Iowa Senator Joni Ernst, a Republican, says if there’s a vacancy on the U.S. Supreme Court, the U.S Senate should start the process of filling it as soon as possible.
“We have a Republican-held Senate and a Republican president,” Ernst said this afternoon, “and so I don’t see there would be any difference between the president and the senate on a selection of a supreme court justice.”
Republican Senators refused to act on President Obama’s nominee after Justice Scalia died in early 2016, arguing voters that November should decide which president should get to fill the vacancy.
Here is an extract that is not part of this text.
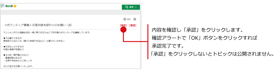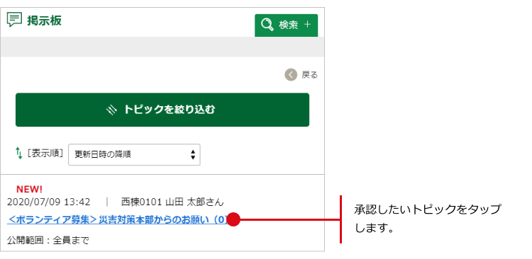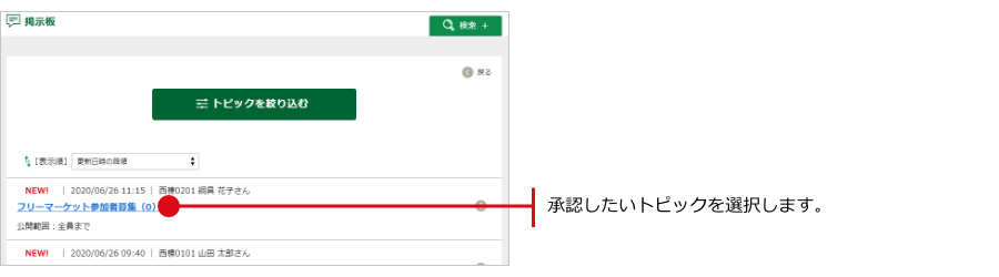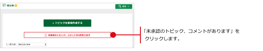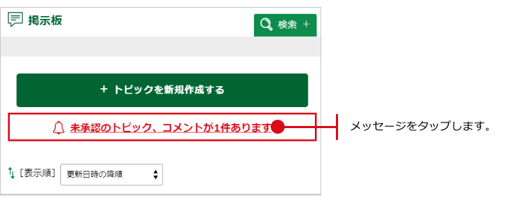 新規でトピックが作成されると、掲示板トップに「未承認のトピック、コメントがあります」と
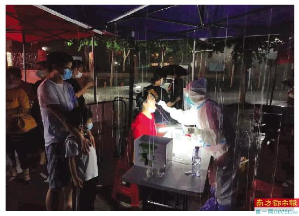 风雨中,医护人员、志愿者用台灯照亮检测点,继续为居民进行核酸采样。

“That was a different situation,” Ernst said. “…That was a Republican-held Senate with a Democratic president and so we were divided on who that selection would be. This is a different scenario where you have a Republican president and a Republican senate. There’s likely not to be a lot of disagreement when it comes to the selection of a justice.”
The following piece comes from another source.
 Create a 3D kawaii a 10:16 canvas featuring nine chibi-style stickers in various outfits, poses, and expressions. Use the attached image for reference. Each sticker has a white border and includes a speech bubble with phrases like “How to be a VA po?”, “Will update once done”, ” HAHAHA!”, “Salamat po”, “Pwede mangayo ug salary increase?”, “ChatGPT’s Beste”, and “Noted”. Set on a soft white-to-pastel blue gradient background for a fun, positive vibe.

Justice Ruth Bader Ginsburg announced today (Friday) she is undergoing chemotherapy for a reoccurence of pancreatic cancer. Ginsburg, who is 87, intends to remain on the court.
Senator Chuck Grassley, Iowa’s other Republican senator, was chairman of the senate committee that refused to hold a hearing on Obama nominee Merrick Garland in 2016 and Grassley has said a hearing should wait until after the election, if there is an opening on the court in 2020.
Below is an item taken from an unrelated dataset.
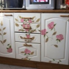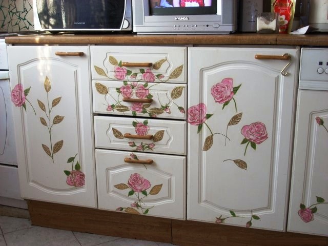 Pour économiser, vous pouvez améliorer l'ancien ensemble de cuisine, créer un design arrondi du plateau et ouvrir les étagères, le peindre avec des peintures à base d'eau ou créer un revêtement stratifié, puis le coller avec un film spécial avec de belles textures ligneuses.

Ernst said Republican senators should hold a hearing on a Trump nominee even in a so-called “lame duck” session in November and December — after the election. She discussed the issue with “Iowa Press” host David Yepsen this afternoon.
“If President Trump is defeated, if Republicans lose control of the Senate, would you still support doing this prior to January?” Yepsen asked.
Ernst replied: “Well, one, I wish nothing but the best of health for Ruth Bader Ginsburg. I think we all do and I will be praying for her and it is a lame duck session. I would support going ahead with any hearings that we might have and, if it comes to an appointment prior to the end of the year, I would be supportive of that.”
A spokesman for the Iowa Democratic Party blasted Ernst’s comments.
“Senator Ernst promised to be an independent voice for Iowans, but instead she’s spent her six years in Washington shamelessly putting Mitch McConnell’s harmful agenda above the interests of Iowans,” IDP spokesman Jeremy Busch said in a written statement.
In 2016, when Republicans refused to act on President Obama’s Supreme Court nominee, Ernst argued that “in the midst of an important election, the American people deserve to have a say in this important decision that will impact the course of our country for years to come.”
Ernst became a member of the U.S. Senate Judiciary Committee after the panel’s hearings for Brett Kavanaugh, the second justice President Trump has appointed to the nation’s highest court.